** Directions **
Each record that follows should be repeated exactly, minus any images.

** Record excerpts **
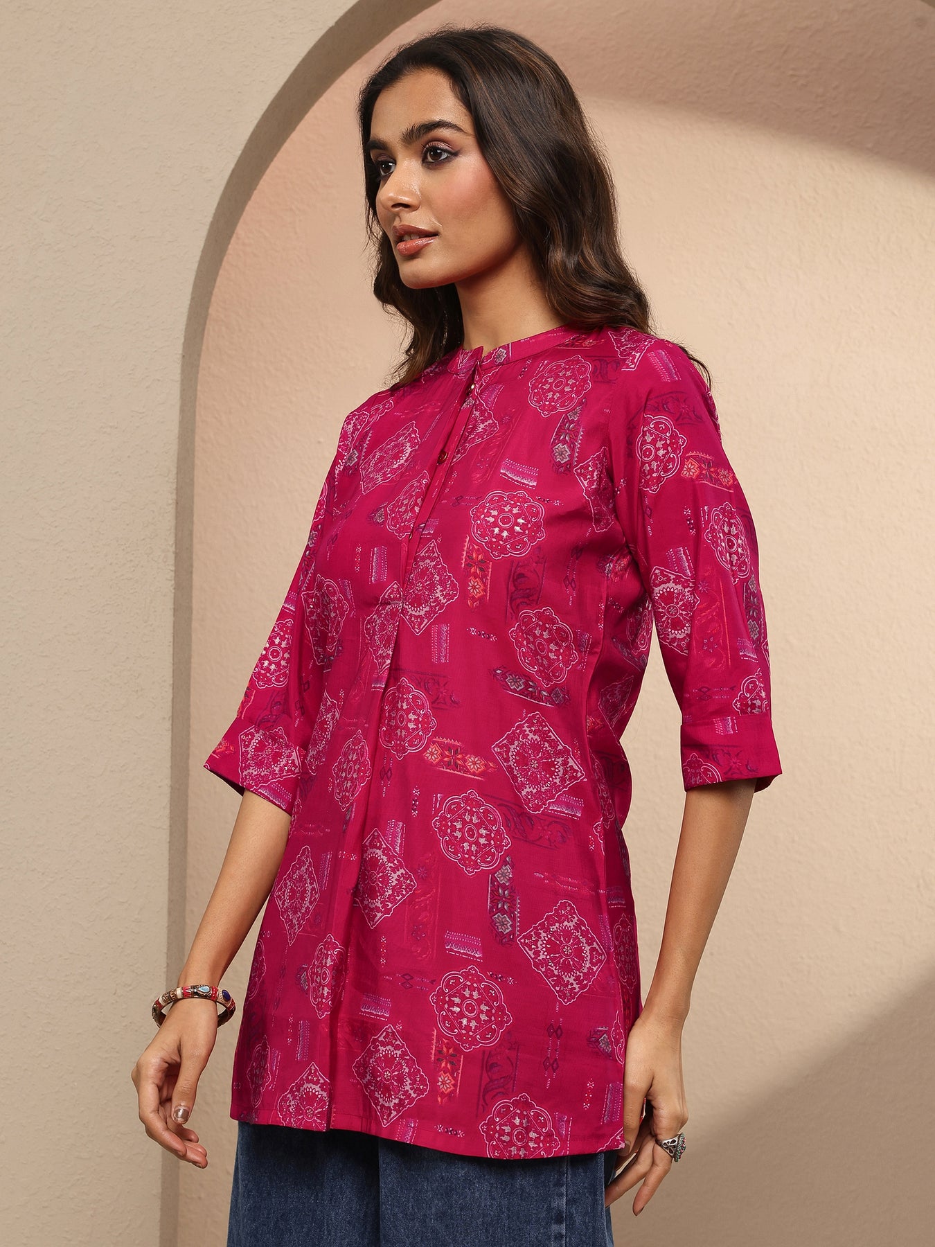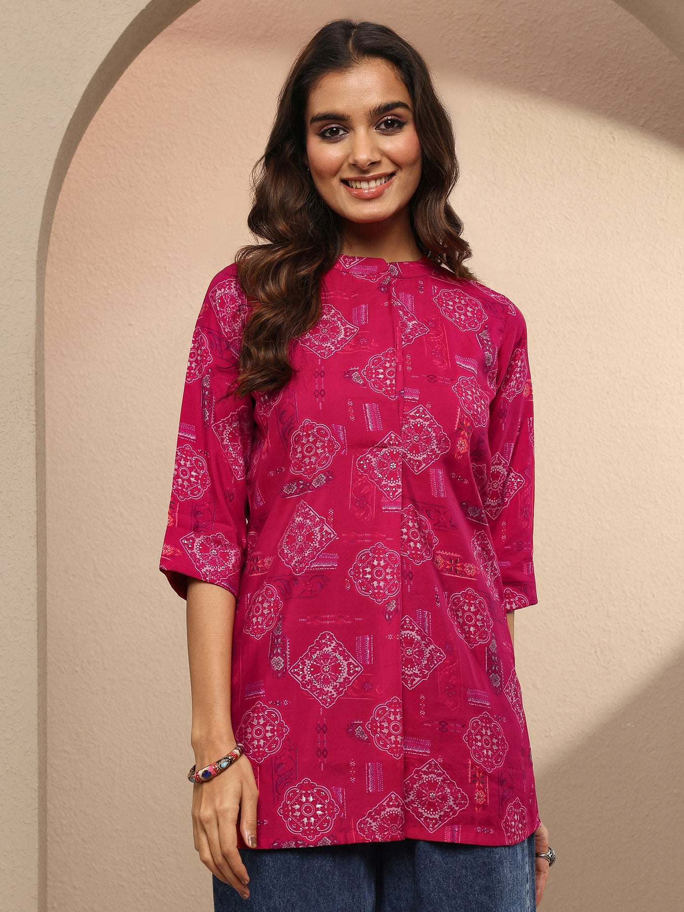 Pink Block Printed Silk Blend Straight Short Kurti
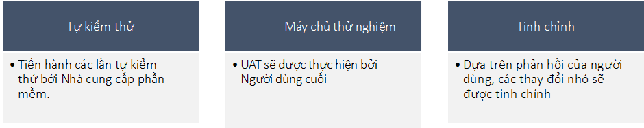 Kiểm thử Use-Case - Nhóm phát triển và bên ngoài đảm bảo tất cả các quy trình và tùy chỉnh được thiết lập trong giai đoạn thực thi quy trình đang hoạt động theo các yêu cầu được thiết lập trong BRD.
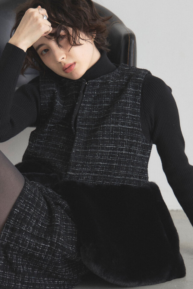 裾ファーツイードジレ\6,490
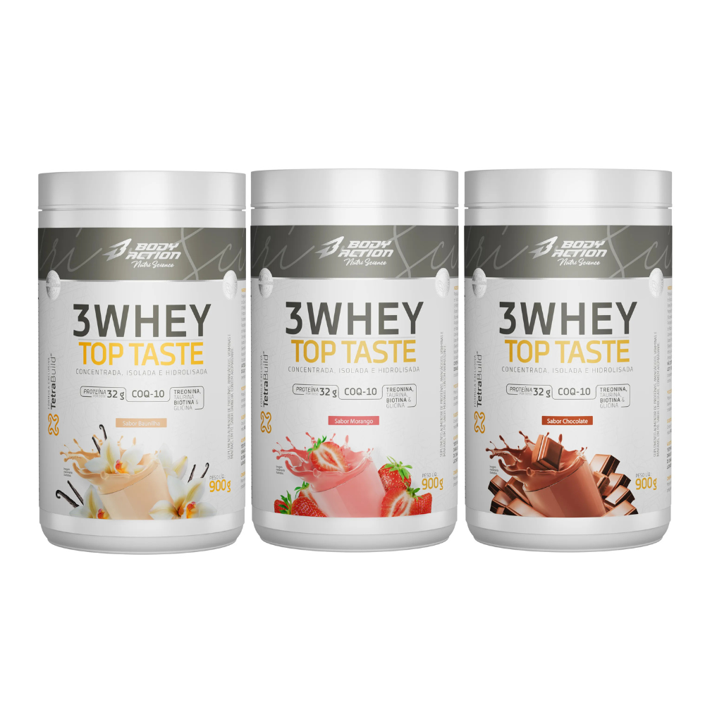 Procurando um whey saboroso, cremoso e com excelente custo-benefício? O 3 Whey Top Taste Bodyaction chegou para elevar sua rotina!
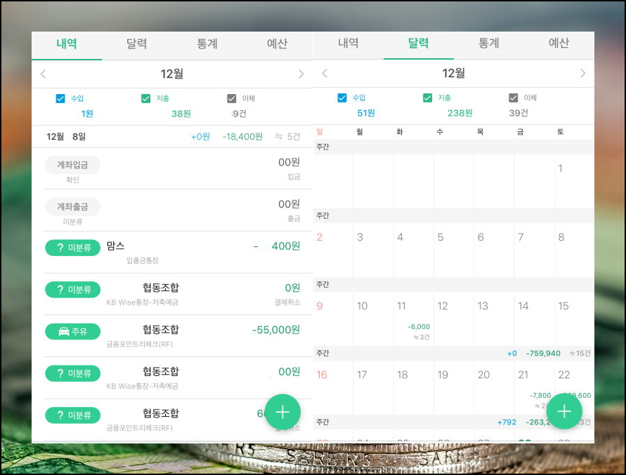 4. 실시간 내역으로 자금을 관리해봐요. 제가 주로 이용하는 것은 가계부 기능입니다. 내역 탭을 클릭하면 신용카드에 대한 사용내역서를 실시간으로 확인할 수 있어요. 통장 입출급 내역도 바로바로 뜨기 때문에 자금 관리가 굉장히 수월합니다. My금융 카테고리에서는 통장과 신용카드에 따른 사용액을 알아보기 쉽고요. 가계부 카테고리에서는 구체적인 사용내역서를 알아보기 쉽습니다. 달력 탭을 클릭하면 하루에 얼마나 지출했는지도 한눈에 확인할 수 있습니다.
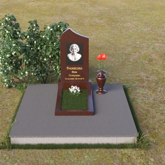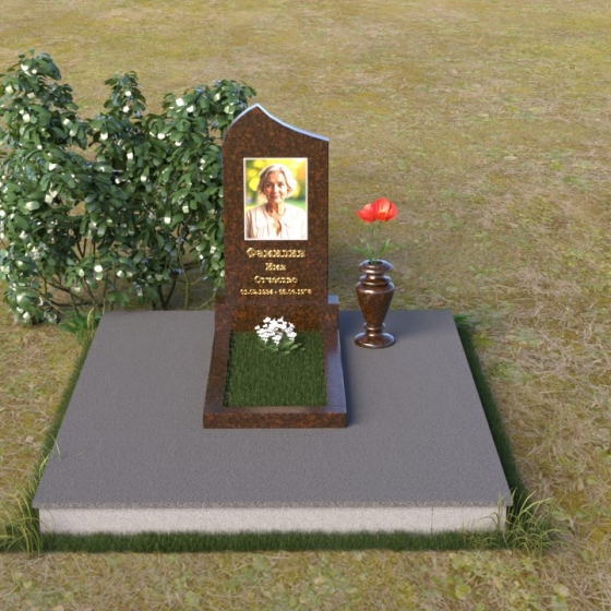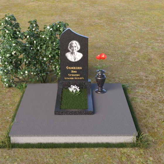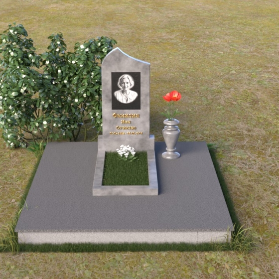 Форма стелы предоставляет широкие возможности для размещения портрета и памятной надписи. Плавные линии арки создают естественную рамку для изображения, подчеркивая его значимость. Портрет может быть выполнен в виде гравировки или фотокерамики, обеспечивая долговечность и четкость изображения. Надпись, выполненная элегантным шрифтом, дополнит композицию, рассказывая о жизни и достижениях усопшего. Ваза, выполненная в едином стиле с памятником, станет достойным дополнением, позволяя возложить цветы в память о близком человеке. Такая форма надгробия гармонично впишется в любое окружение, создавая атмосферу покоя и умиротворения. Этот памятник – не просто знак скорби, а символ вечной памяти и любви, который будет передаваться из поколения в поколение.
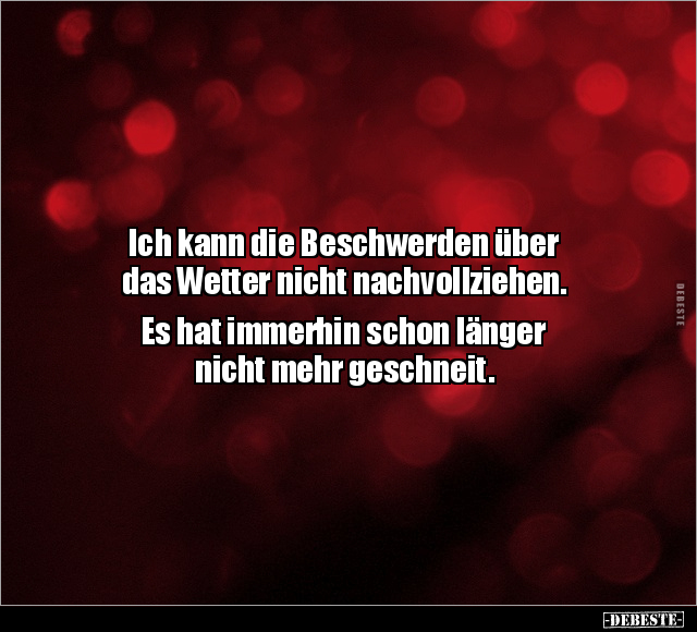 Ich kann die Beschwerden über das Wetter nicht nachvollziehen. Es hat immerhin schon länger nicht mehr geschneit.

** Result of the task **
 Pink Block Printed Silk Blend Straight Short Kurti
 Kiểm thử Use-Case - Nhóm phát triển và bên ngoài đảm bảo tất cả các quy trình và tùy chỉnh được thiết lập trong giai đoạn thực thi quy trình đang hoạt động theo các yêu cầu được thiết lập trong BRD.
 裾ファーツイードジレ\6,490
 Procurando um whey saboroso, cremoso e com excelente custo-benefício? O 3 Whey Top Taste Bodyaction chegou para elevar sua rotina!
 4. 실시간 내역으로 자금을 관리해봐요. 제가 주로 이용하는 것은 가계부 기능입니다. 내역 탭을 클릭하면 신용카드에 대한 사용내역서를 실시간으로 확인할 수 있어요. 통장 입출급 내역도 바로바로 뜨기 때문에 자금 관리가 굉장히 수월합니다. My금융 카테고리에서는 통장과 신용카드에 따른 사용액을 알아보기 쉽고요. 가계부 카테고리에서는 구체적인 사용내역서를 알아보기 쉽습니다. 달력 탭을 클릭하면 하루에 얼마나 지출했는지도 한눈에 확인할 수 있습니다.
 Форма стелы предоставляет широкие возможности для размещения портрета и памятной надписи. Плавные линии арки создают естественную рамку для изображения, подчеркивая его значимость. Портрет может быть выполнен в виде гравировки или фотокерамики, обеспечивая долговечность и четкость изображения. Надпись, выполненная элегантным шрифтом, дополнит композицию, рассказывая о жизни и достижениях усопшего. Ваза, выполненная в едином стиле с памятником, станет достойным дополнением, позволяя возложить цветы в память о близком человеке. Такая форма надгробия гармонично впишется в любое окружение, создавая атмосферу покоя и умиротворения. Этот памятник – не просто знак скорби, а символ вечной памяти и любви, который будет передаваться из поколения в поколение.
 Ich kann die Beschwerden über das Wetter nicht nachvollziehen. Es hat immerhin schon länger nicht mehr geschneit.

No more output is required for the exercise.